For data transfer practices with external contracted organizations, gRED mainly leveraged the IBM Aspera FASP (Fast, Adaptive and Secure Protocol, IBM Aspera High-Speed Transfer Server v3.9.1), 18 infrastructure for high-speed big data handling. In addition, we have rolled out DTAs that specify the requirements for WSI files and metadata, data packaging instructions with naming conventions, and data transfer instructions for data providers. The DTAs serve as an approved agreement between the data provider and recipient that ensures data are FAIR compliant at the point of data acquisition. Furthermore, the data validation rules in the DTA serve as the baseline for both manually triggered and fully automated programmatic conformance checks of the metadata and the WSI file to ensure cross-validation of the datasets.
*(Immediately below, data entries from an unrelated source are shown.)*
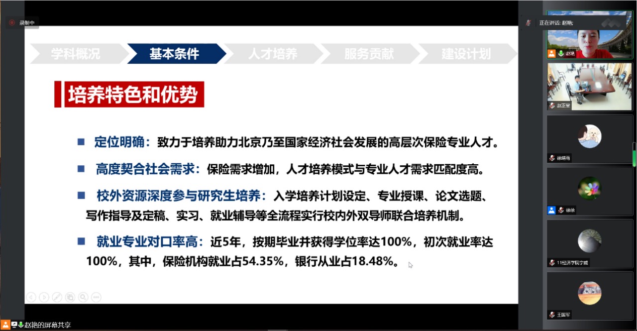 专家组成员在审阅评估材料、听取教师和员工汇报的基础上,一致认为公司保险专业学位授权点的培养目标准确、定位清晰,培养方向设置合理、适应社会需求,在人才培养模式、“双师型”培养机制设计、思政教育引领、国际认证培育等方面有特色和优势;校内外导师在保险专业和行业领域具有良好的学术实践指导水平和社会影响力;学业导师、职业导师数量充分、队伍结构合理;教学、科研、奖助体系等支撑条件保障充分;学术科研成果丰富,体现出学位点积极参与首都相关行业发展建设所取得的良好成果。同时,专家组建议进一步优化团队结构建设,加强教学成果积累,积极申报国内外重要学术成果奖项,继续加强社会服务参与度,为学界业界贡献更多引领性的教学科研成果。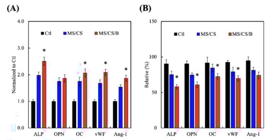 Cytokine-carrying scaffolds promote the secretion of bone-related proteins, such as TGF-β, BMP-2, Runt-related transcription factor 2 (Runx2), and osterix, during the bone-healing process. To characterize the role of MS/CS in osteogenesis, we analyzed the in vitro expression profiles of alkaline phosphatase (ALP) and OPN and used ELISA to examine the effectiveness of MS/CS/B in the induction of bone-related proteins and angiogenesis factors (Figure 8A). The levels of ALP, OPN, OC, vWF, and Ang-1 were significantly higher in the hDPSCs from the MS/CS/B scaffold as compared to the cells from the MS/CS scaffold or the control drug delivery system (Figure 9A). Protein expression was higher in the MS/CS/B scaffold than in either of the other two study groups. Vascular endothelial growth factor (VEGF) plays a critical role in cellular survival during the bone regeneration process, and blood supply plays an important role in endochondral ossification, during which vessels sprout and provide nutrients and oxygen that enable bone cells to stimulate cartilage formation and mineralization [51]. Inhibiting VEGF results in bone cell apoptosis, lowers bone mass, and leads to bone fractures [52]. Furthermore, blocking ALP and bone sialoprotein (BSP) interferes with calvarial bone repair, while upregulation of BMP2R, extracellular regulated protein kinases (ERK), ALP, and osteocalcin (OC) bone turnover markers mediates bone formation signaling pathways. In addition, significant (p < 0.05) decreases (49%, 39%, and 27%, respectively) in ALP, OPN, and OC (Figure 9B) protein synthesis were found in BMPR2-knockdown hDPSCs cultured on MS/CS/B scaffolds after 7 days. In this study, the expression of vWF and Ang-1 of hDPSCs proved that angiogenesis has a similar pattern for the BMPR2 signaling pathway of osteogenesis.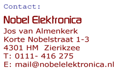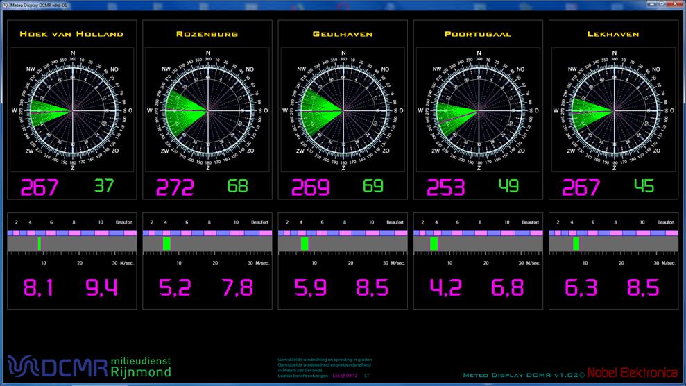Nobel Elektronica is een klein bedrijf wat zich sinds 1998 toelegt op instrumentatie. In het begin voornamelijk op het gebied van hydrologie en meteorologie. Ontwikkeling Hardware Software Het werkgebied omvat thans het ontwikkelen van specialistische hard- en software, het bouwen van prototypes en kleine productie aantallen. Modificatie Renovatie Reparatie Ook voor het ontwikkelen en aanbrengen van modificaties aan bestaande apparatuur kunt u bij Nobel Elektronica terecht, evenals voor renovatie of reparatie van zeer waardevolle onvervangbare apparatuur. Op de volgende pagina’s vindt u wat meer informatie over diverse projecten die in het verleden zijn uitgevoerd. Nobelnieuws Onderaan deze pagina ziet u het nieuwe Meteo Display zoals dit is ontwikkeld voor de meldkamer van DCMR Milieudienst Rijnmond. Het display maakt gebruik van meetgegevens uit de meetnetten van Havenbedrijf Rotterdam en Rijkswaterstaat. |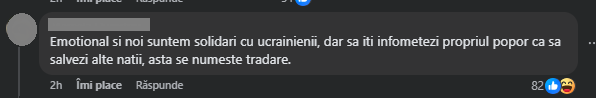 „Emoțional, și noi suntem solidari cu ucrainienii, dar să îti infometezi propriul popor ca să salvezi alte nații, asta se numește trădare”, îi transmite un alt român.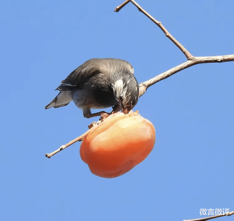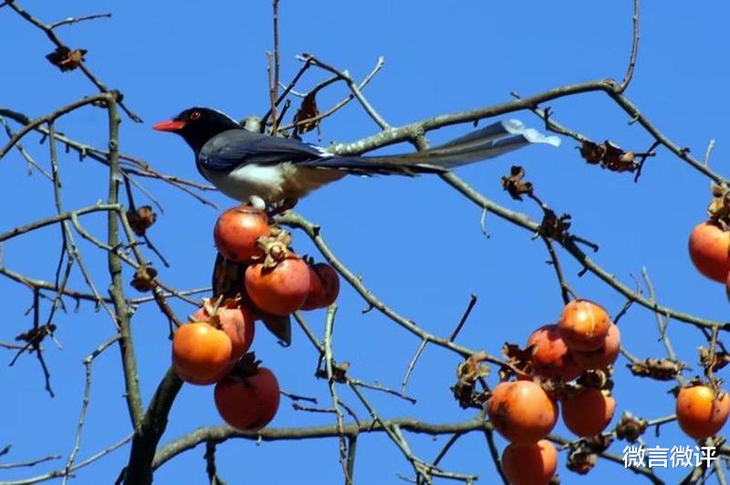 把柿子留在树上给鸟吃,是一个古老的习惯。不但能够提升生态环境,还成为了鸟儿的过冬粮。既保护了自然,又善待了生命。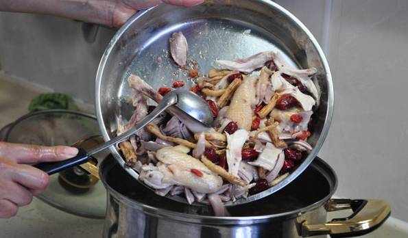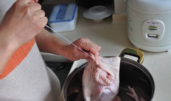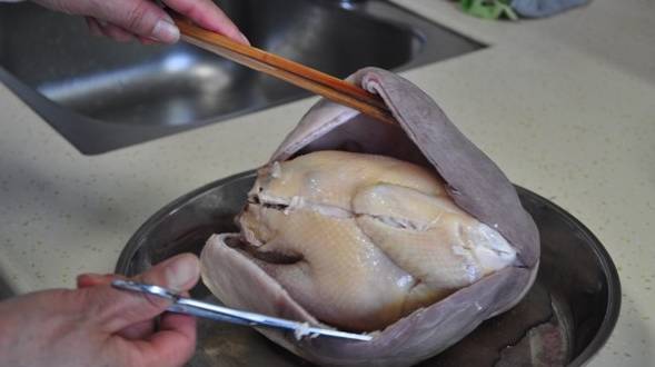 3、把紅棗、黨參、枸杞、胡椒全塞入雞膛內;4、把塞滿材料的雞整隻塞入豬肚裡,然後把豬肚口用線縫上;

pRED uses Arvados, 19 an open-source platform, for managing, processing, and sharing large scientific and biomedical data (https://arvados.org/ discussed further below in V. Storage capacity), as the central place to store and share data. Internal collaborators from pRED and gRED can directly upload data to Arvados within Roche’s network. For CROs, we use Roche’s corporate Data Transfer Platform (DTP), developed internally for use only for Roche research and development data, which provides secure data upload from outside the network including a direct deposit into Arvados. From there, the Arvados API allows us to automatically locate relevant WSIs for sharing as well as to automatically synchronize the shared folder on Arvados with local copies at gRED and pRED. Files in Arvados can be copied inside the platform without creating physical copies of the data, such that, scans that are re-uploaded or copied within Arvados are physically only stored once. Thanks to this feature, the slides can be stored by study and again by collection for algorithm training without duplicating the physical data storage.
Storage Capacity
As alluded to above, the storage requirements for a data resource of WSIs pose significant challenges. A typical toxicologic pathology study can easily generate more than 1,000 glass slides and, with each slide scan at 2 to 4 GB in size at 40X resolution, 1 TB or more of storage capacity may be required. Demand for storage can increase by hundreds of terabytes annually if all of an organization’s studies are scanned and stored, as is desirable if a data resource suitable for developing DL analytics approaches is to be built. Scanning of tissue slides from archived studies to expand the data available for DL model building further increases the demand for storage.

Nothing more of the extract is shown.